Weisberg: Ironically, given the controversy about this original appointment because of his ties to Trump and even Giuliani, the general view is that Berman has been very fair and nonpartisan and, most notably he seems to have won the respect and loyalty of the line prosecutors.

Sklansky: That is my impression as well. And if anything his reputation among prosecutors and former prosecutors is even stronger now than it was before Friday evening.

What do you expect to happen to the cases Berman was focused on?

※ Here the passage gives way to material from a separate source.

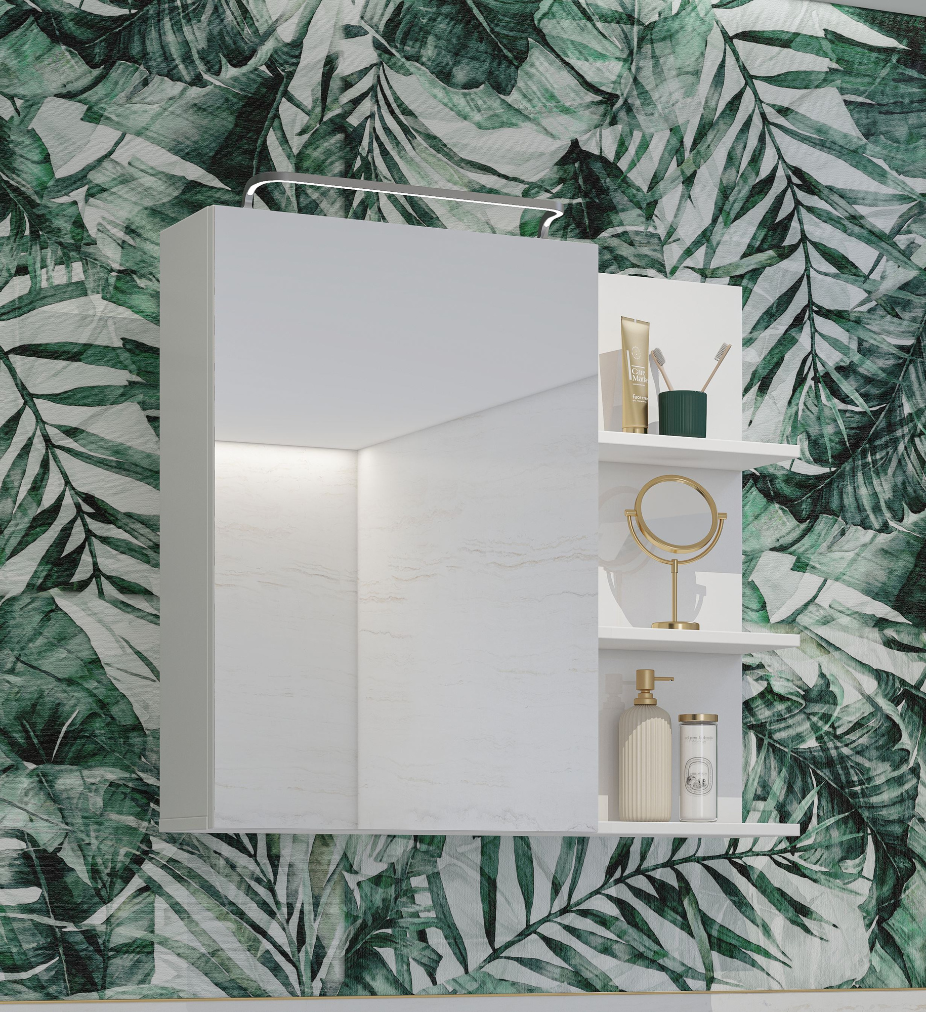 Irvine – 1 durų sieninė spintelė su veidrodžiu, balta, juoda, onikso spalvos, blizgi balta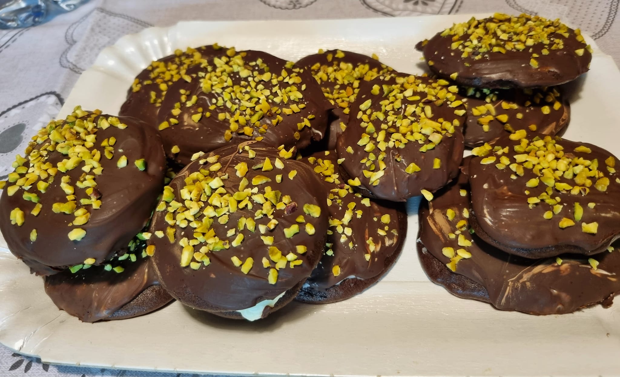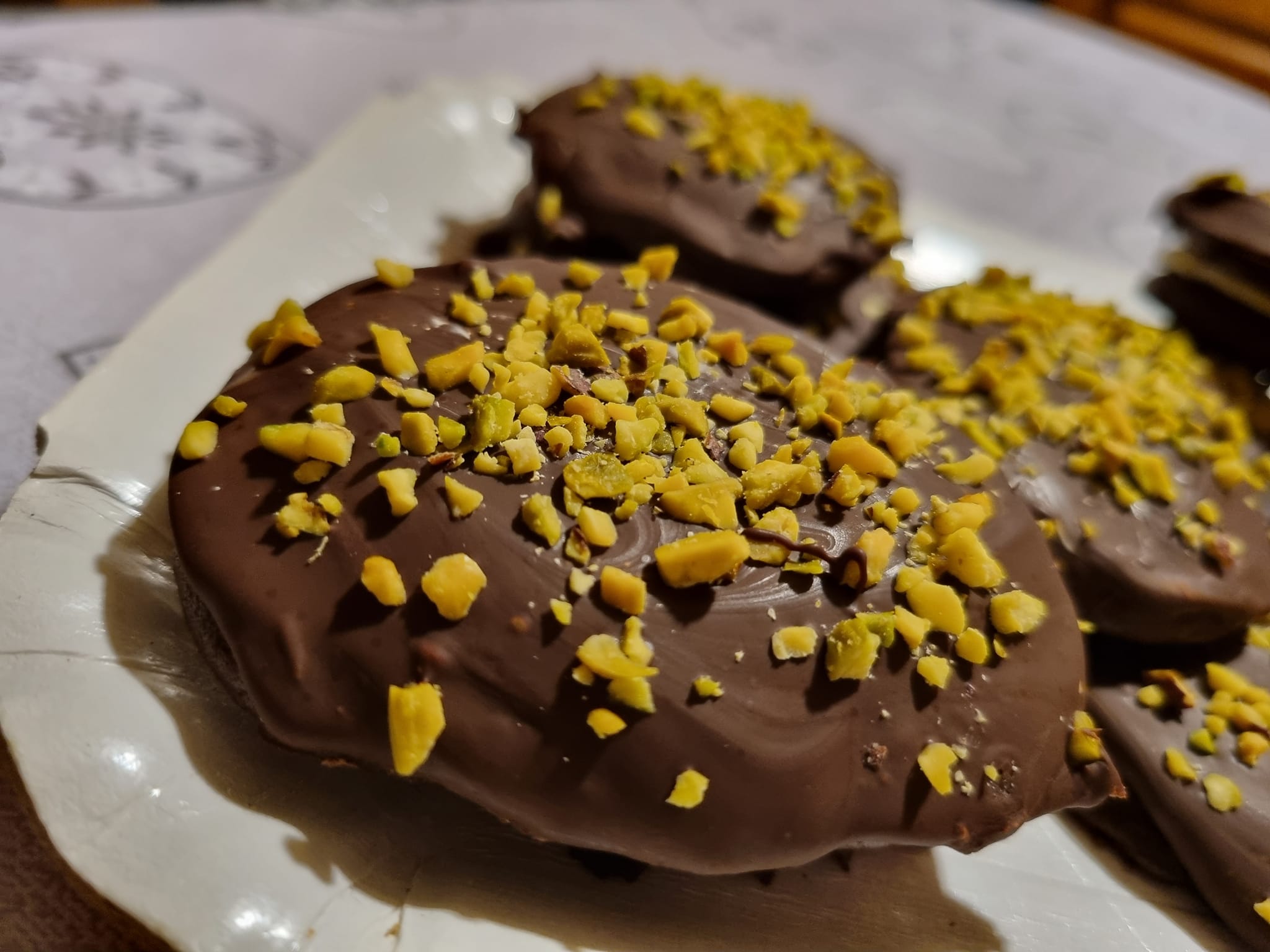 Μαλακά μπισκότα κακάο με γλάσο μαύρης σοκολάτας και κόκκους φιστικιού αιγίνης

Weisberg: Perhaps Berman squeezed out a small victory when Barr appointed Strauss so that investigations will continue, at least for the next few months. Barr will be under great scrutiny if he tries to intervene. So, if Barr wants to thwart an investigation, it will require a Trump second term and a new appointee.

Sklansky: I agree. Now that Strauss is taking over, instead of the outsider Barr initially tried to bring in, it’s much more likely that the office’s cases will proceed uninterrupted. It could be more than a small victory.

David Alan Sklansky, a former federal prosecutor, is the Stanley Morrison Professor of Law and Faculty Co-Directory of the Stanford Criminal Justice Center. He is the author of Democracy and the Police (Stanford University Press 2008), and he writes regularly about criminal procedure and law enforcement. Robert Weisberg is the Edwin E. Huddleson, Jr. Professor of Law and Faculty Co-Director of the Stanford Criminal Justice Center. His scholarship focuses on criminal law, criminal procedure, white collar crime, and sentencing policy.